Top of PROVIDED MATERIAL

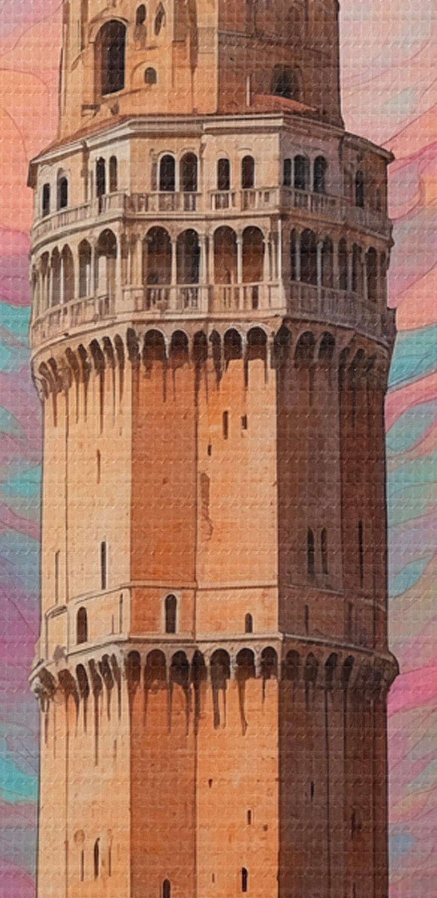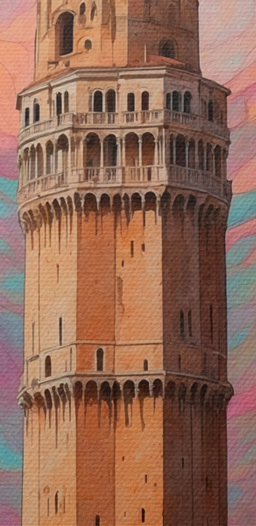 Paveikslas Fantazijos bokštas su rausvomis ir mėlynomis spiralėmis dangaus fone Nr s44885
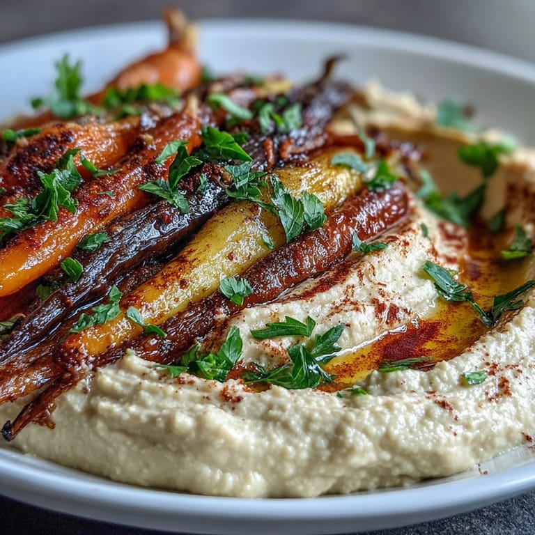 Save Brighten up your table with this vibrant platter of oven-roasted rainbow carrots and creamy homemade hummus. This Mediterranean-inspired dish features sweet, caramelized carrots served alongside a rich, tahini-based dip, making it a perfect healthy appetizer or colorful snack for any occasion.
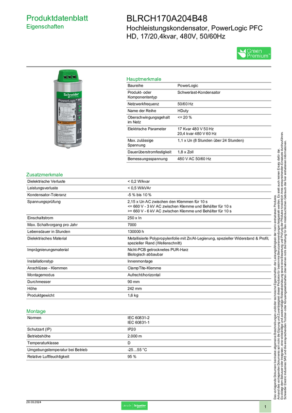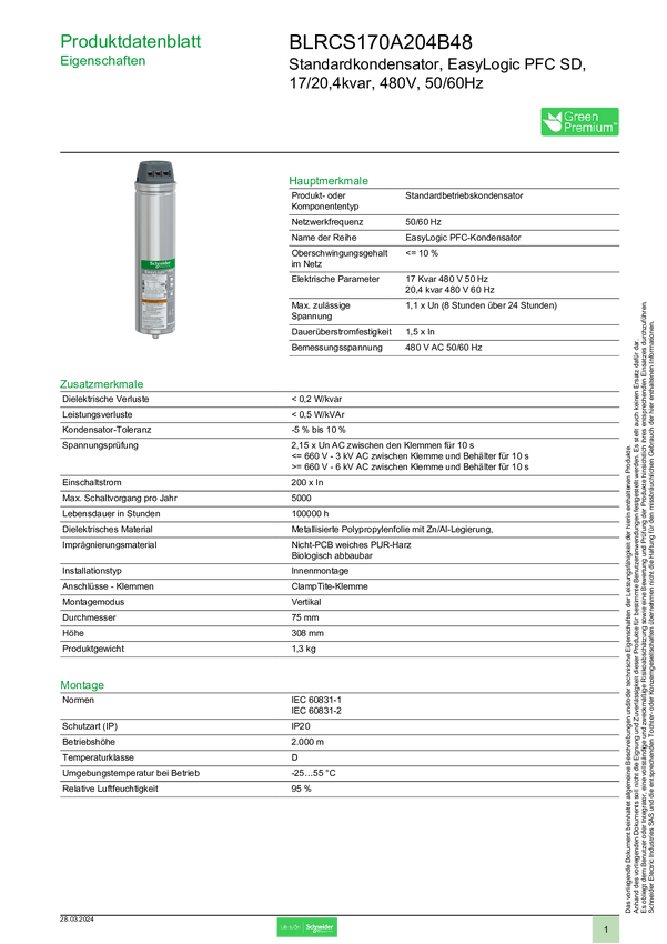 Schneider Electric BLRCH170A204B48 Kondensator foliowy 1 szt.
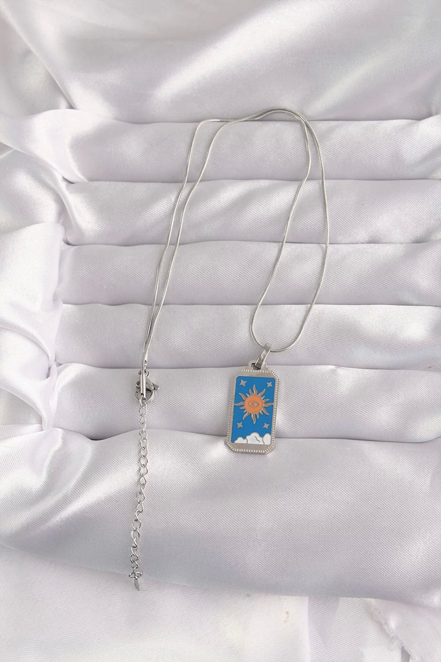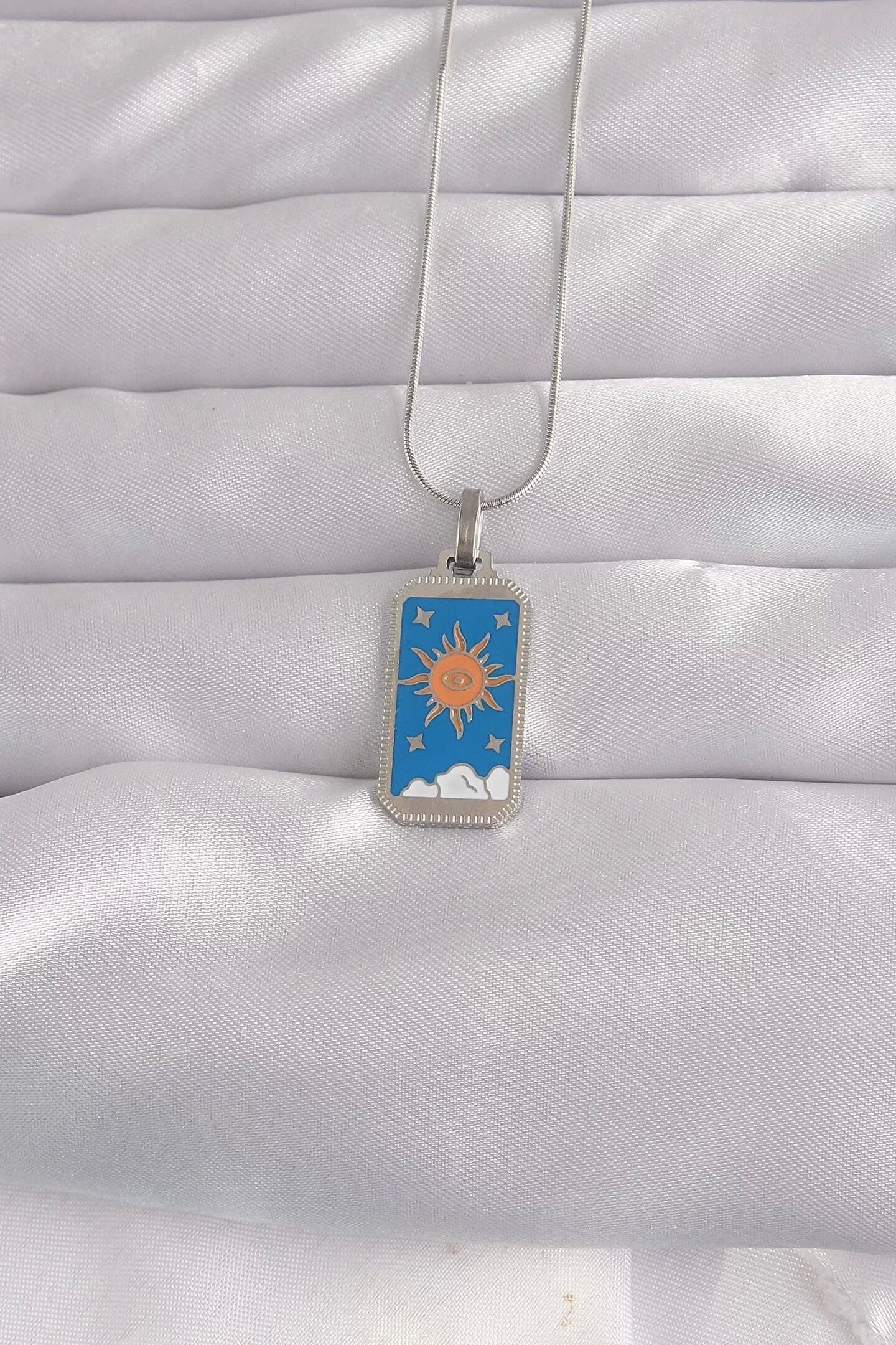 Clariss 316L Çelik Gümüş Renk Mavi Mineli Güneş Model Tarot Kolye

Bottom of PROVIDED MATERIAL

WHAT THE TASK ASKS
Every line above should be duplicated exactly; the pictures are to be left out.

OUTPUT
 Paveikslas Fantazijos bokštas su rausvomis ir mėlynomis spiralėmis dangaus fone Nr s44885
 Save Brighten up your table with this vibrant platter of oven-roasted rainbow carrots and creamy homemade hummus. This Mediterranean-inspired dish features sweet, caramelized carrots served alongside a rich, tahini-based dip, making it a perfect healthy appetizer or colorful snack for any occasion.
 Schneider Electric BLRCH170A204B48 Kondensator foliowy 1 szt.
 Clariss 316L Çelik Gümüş Renk Mavi Mineli Güneş Model Tarot Kolye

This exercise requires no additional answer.